## Your task
Shown below are entries with pictures; the line with "Lettera al Presidente" through the line with "铅笔盒约重160g,可以放7+1 支笔(免笔帽),小低足够用了。" is the span to retype exactly, and the pictures stay out.

## Working data
• • • • •

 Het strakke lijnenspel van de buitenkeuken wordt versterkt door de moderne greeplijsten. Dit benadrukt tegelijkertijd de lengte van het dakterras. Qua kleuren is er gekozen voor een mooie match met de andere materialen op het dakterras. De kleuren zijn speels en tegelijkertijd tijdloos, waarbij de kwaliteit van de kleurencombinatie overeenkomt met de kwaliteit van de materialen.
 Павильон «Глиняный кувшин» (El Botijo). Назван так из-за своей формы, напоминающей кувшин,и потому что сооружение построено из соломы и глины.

• • • • •

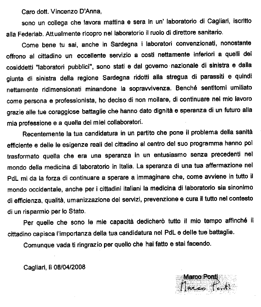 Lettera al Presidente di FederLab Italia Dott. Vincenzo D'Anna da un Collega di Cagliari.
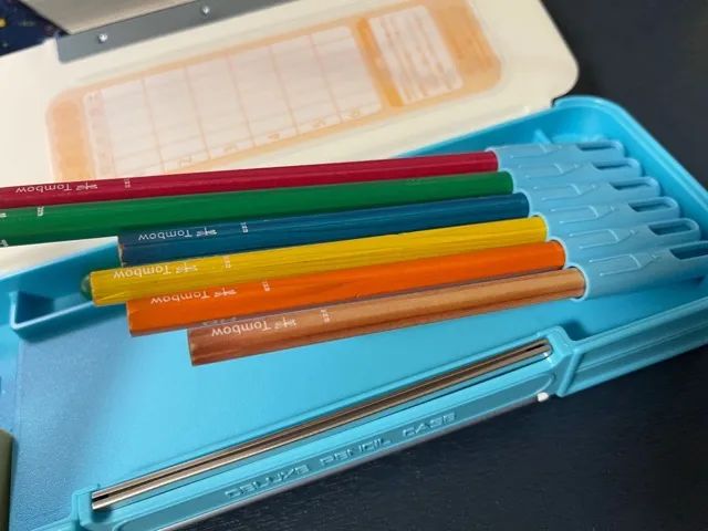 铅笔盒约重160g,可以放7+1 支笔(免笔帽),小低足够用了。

• • • • •

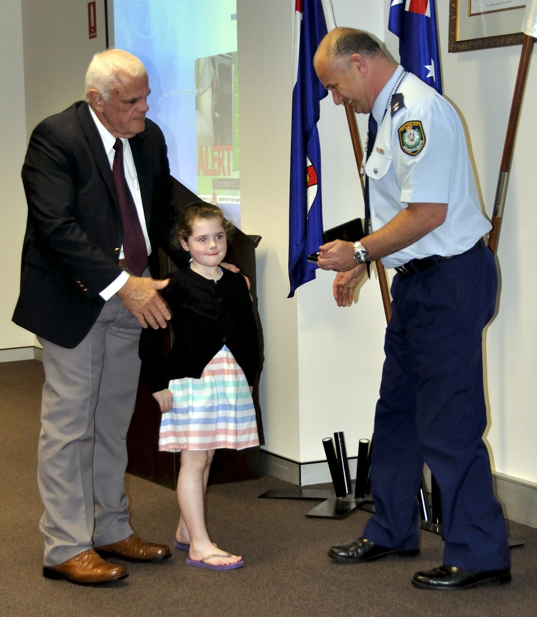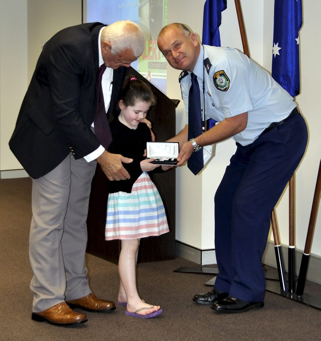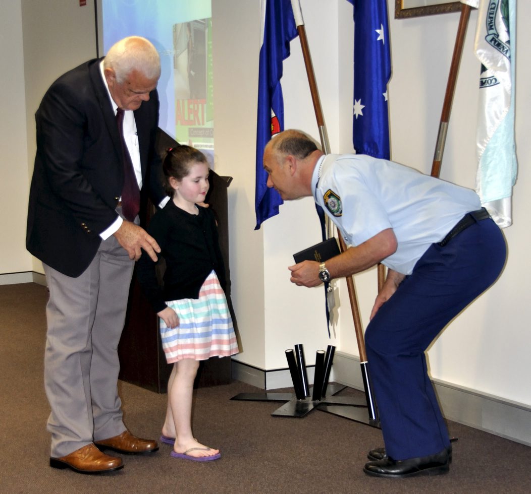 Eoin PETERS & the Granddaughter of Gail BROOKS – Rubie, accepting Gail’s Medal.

• • • • •

## Solution to this task
 Lettera al Presidente di FederLab Italia Dott. Vincenzo D'Anna da un Collega di Cagliari.
 铅笔盒约重160g,可以放7+1 支笔(免笔帽),小低足够用了。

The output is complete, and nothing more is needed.